$15 billion a year. That's what Anthropic is paying SpaceX for access to its Colossus data centers in Memphis, Tennessee, according to details in SpaceX's S-1 IPO filing.
The compute partnership was announced earlier this month, but the price tag only became public through the IPO disclosure. The deal gives Anthropic access to Colossus - a massive facility SpaceX built in Memphis for AI training and inference (the hardware that runs AI models in production). SpaceX confirmed the figures in its S-1, making the arrangement one of the largest compute contracts in the AI industry.
To put $15 billion in context: that's roughly equivalent to Anthropic's total cumulative fundraising through early 2025, now being spent annually on compute alone. Training frontier AI models has always been expensive, but this figure makes clear just how capital-intensive the business has become - requiring hundreds of thousands of specialized chips running continuously for months at a time.
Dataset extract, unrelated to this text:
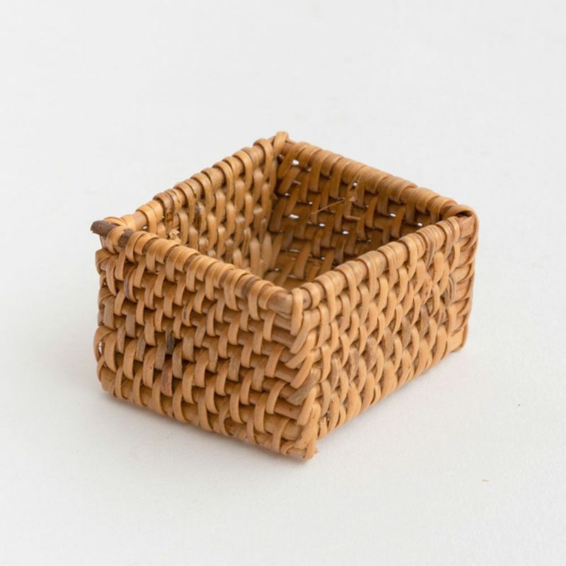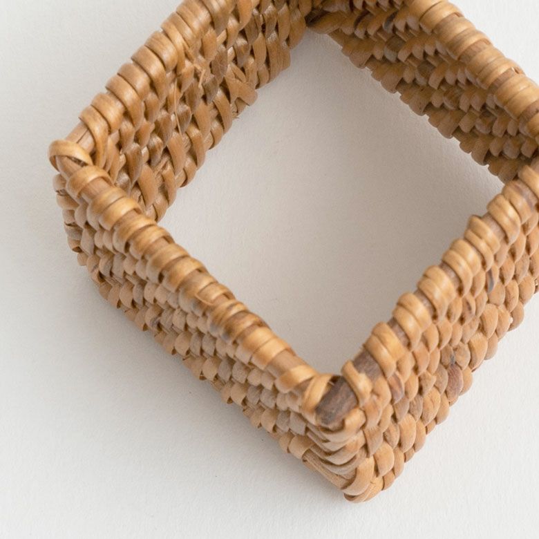 アタとラタンで編まれた四角いナプキンリング

The deal also creates an unusual dynamic: a meaningful slice of Anthropic's revenue from Claude subscriptions and API access flows directly to Elon Musk's company. Musk has been publicly critical of Anthropic's organizational structure, and Anthropic CEO Dario Amodei has been openly skeptical of AI development practices at Musk-affiliated companies. Business relationships, apparently, survive public disagreements.
For Claude users, the practical upside is more compute capacity supporting model development and faster inference. The downside is that a $15 billion annual compute bill helps explain why AI API pricing remains high across the industry and why Anthropic continues to raise large capital rounds despite significant revenue growth.
SpaceX presenting this deal prominently in its IPO filing - not burying it in footnotes - signals that the Colossus data center business is becoming a meaningful revenue line for SpaceX, not a favor to a tech ally.